Reflecting on all this, I think I have an answer to the “Why don’t Muslims condemn terrorism?” question that is snappier than most. Let’s try it in Letterman format.

Muslims don’t condemn terrorism for the same reason that:

10. Americans can’t condemn the firing on Fort Sumter 140 years after the fact.

9. Americans think Gettysburg was a tie.

8. So many Americans proudly fly and defend the Stars and Bars.

7. Americans open museums in praise of the Confederacy.

6. Americans have an Attorney General who is an admirer of the Confederacy.

5. Members of the so-called Party of Lincoln defend a flag of treason and spit in the face of its founder.

4. Americans still admire Confederate traitors and outlaws like Lee and Quantrill.

3. Mt. Rushmore still exists.

2. Ronald Reagan was able to find excuses for apartheid in “African tribalism,” while his eulogists have now chosen, en masse, to forget that moment and dozens like them.

But the real #1 reason that Muslims don’t condemn terrorism is that moral evasion is not a uniquely Muslim trait, but a human capacity practiced everywhere by everyone--especially by those at war with themselves, unable to admit it, and unable to come to resolution about it. If Americans looked harder at their own Civil War, I suspect, they might see that more clearly. But, despite the vast profusion of books, articles and pamphlets on the topic, despite the popularity of Ken Burns’s Civil War film, despite the pious lectures we hear about the evils of racism and the value of “multiculturalism,” Americans cannot seem to stare the facts of the Civil War (what to speak of Reconstruction) directly in the face even after 140 years, without swathing it in euphemism, rationalization, and outright lies. That is why their criticisms of Muslim euphemism, rationalization and dishonesty ring so hollow.
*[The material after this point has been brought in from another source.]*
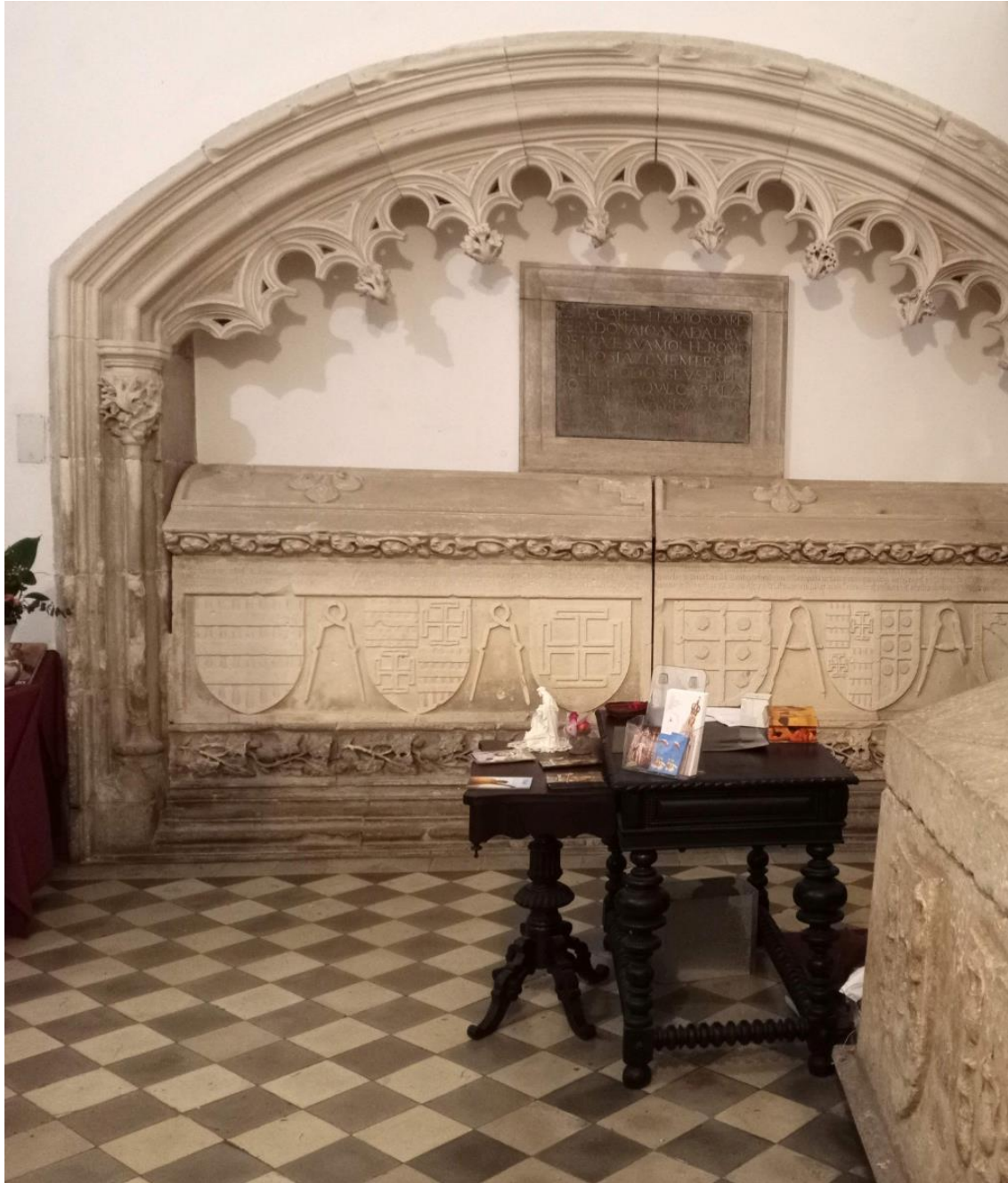
Capela de Lopo Soares de Albergaria, Convento da Graça

“There was a right side and a wrong side in the late war,” said Frederick Douglass, thirteen years after the fact, on “Decoration Day” (what we now call Memorial Day),

which no sentiment ought to cause us to forget, and while to-day we should have malice toward none, and charity toward all, it is no part of our duty to confound right and wrong, or loyalty with treason. If the observance of this memorial day has any apology, office, or significance, it is derived from the moral character of the war, from the far-reaching, unchangeable and eternal principles in dispute, and for which our sons and brothers encountered hardship, danger, and death. [“There Was a Right Side in the Late War,” speech delivered at Union Square, New York, May 30, 1878, in Frederick Douglass: Selected Speeches and Writings, ed., Philip S. Foner, abridged and adapted by Yuval Taylor, p. 632.]

It’s futile to expect Muslims to come to terms with their past if we can’t come to terms with ours. We can’t demand “the arduous work of reconstruction from within” (William Bennett’s phrase) from a position of moral ambivalence about our own Civil War and Reconstruction. Nor is there any sense to blustering about “taking on the Muslim extremists at every point,” when the Attorney General of the United States holds his office after literally confounding “right and wrong” and “loyalty with treason.” Ultimately, “the moral character” of our Civil War and theirs is the same: The key to understanding why Muslims don’t criticize terrorism is to ask why we don’t criticize the historical equivalent; the key to understanding why we fight is to understand why we fought.